Mr. Strauss-Kahn proclaimed his innocence “with the greatest possible firmness.” His wife, a former French television journalist, said she did not believe the charges “for a single second.” But the consensus seemed to be that even if he is found not guilty, his political career is over.

As an American and a newspaperman, I was intrigued by the reaction of French media and politicians to Mr. Strauss-Kahn’s treatment at the hands of the U.S. criminal justice system. An editorial in Le Monde, the New York Times of France, thundered that “in the realm of media and politics, Mr. Strauss-Kahn has been judged. And mercilessly condemned.”

There was near-universal outrage that the haggard-looking IMF chief had been subjected to a “perp walk,” the parading of a criminal suspect before media cameras that is familiar to viewers of Law and Order reruns. There were references to “lynching” and deliberate humiliation. In France, it’s illegal for news media to show suspects in handcuffs or even with their faces exposed.

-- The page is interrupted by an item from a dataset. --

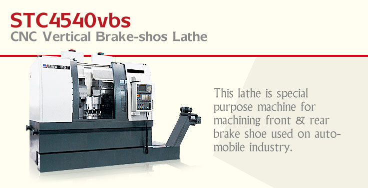This lathe is special purpose machine for machining front & rear brake shoe used on automobile industry. Features. Single spindle, symmetrical-double-turrets and line-up tooling are available. Tool bolders with high rigidity are made by ourselves according to actual situation of workpiece. All key compinents are imported form foreign well-known builders so that high reliability, big torque and high rigidity can be achieved. Fanuc 0i-Mate, AC main drive and AC feed servo motor are adopted. Special purpose clampers are available for clamping two workpieces simultaneously. With aid of double-turret structure, end surface and circular surface of workpiece can be machined at one time.

Yet amid all of the concern about invasions of Mr. Strauss-Kahn’s privacy, several French newspapers published the name of his alleged victim, an African immigrant. Nearly all American newspapers, including this one, have a policy of not identifying victims of sexual assault.

Just as intriguing was the way the story got spun, and re-spun, as the revelations emerged. At first, Mr. Strauss-Kahn’s Socialist Party allies insisted he had been set up, perhaps by agents of French President Nicolas Sarkozy. When that theory collapsed of its own weight, the next suggestion — which seemed equally implausible — was that if he had sex with the maid, it had to have been consensual.

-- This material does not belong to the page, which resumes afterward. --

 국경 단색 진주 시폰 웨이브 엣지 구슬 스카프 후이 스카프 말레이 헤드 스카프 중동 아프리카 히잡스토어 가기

This addressed another element of the story — Mr. Strauss-Kahn’s reputation as a ladies’ man, which had previously not appeared to harm him politically. Media commentators asked why a man who was so successful with women would have to force himself on anyone. Some even implied that men as accomplished as Mr. Strauss-Kahn were entitled to certain liberties.

Defenders cited the IMF’s conclusion that an affair Mr. Strauss-Kahn had had with a staff economist who reported to him was consensual and not a matter of harassment. But in the wake of his arrest, the economist said she had felt coerced, and had told IMF investigators that.

A young journalist accused Mr. Strauss-Kahn of sexually assaulting her in 2002. She said her mother, a political ally of Mr. Strauss-Kahn, dissuaded her from pressing charges at the time. But now, she told French media that she intends to proceed.

In an interview conducted before his arrest and published in the leftist newspaper Liberation during the thick of the coverage, Mr. Strauss-Kahn said three aspects of his biography could threaten his presidential ambitions: “money, women, and my Jewishness.” Right-wing critics denounced him as a “caviar socialist,” noting his fondness for Porsches and his luxury homes on three continents.

By the end of the first week of scandal coverage, French media were starting to ask whether they had been too protective of Mr. Strauss-Kahn and other politicians in suppressing their reports of supposedly private matters. It’s a long way from the Gallic bewilderment more than a decade ago that Bill Clinton’s dalliance with Monica Lewinsky could have threatened his presidency.

But sexual violence and sex are far different. It’s reassuring that in the United States, a hotel maid — a religious young widow with a teenage daughter — got police and prosecutors to take seriously her accusations of mistreatment by one of the world’s most powerful men.

Some French media were honest enough to ask whether the same thing would have happened in their country. For years, movie director Roman Polanski lived in France as a fugitive from justice in the United States, where he drugged, raped, and sodomized a 13-year-old girl.

Polanski has turned up regularly — and publicly — to be photographed at the Cannes Film Festival in France. Talk about a perp walk.

As the daily revelations of L’Affaire DSK played out, I found them providing a reason to look forward to returning from Paris to Toledo — where the current political scandals, such as they are, don’t involve tawdry sex or threaten the downfall of the Greek government.

David Kushma is editor of The Blade.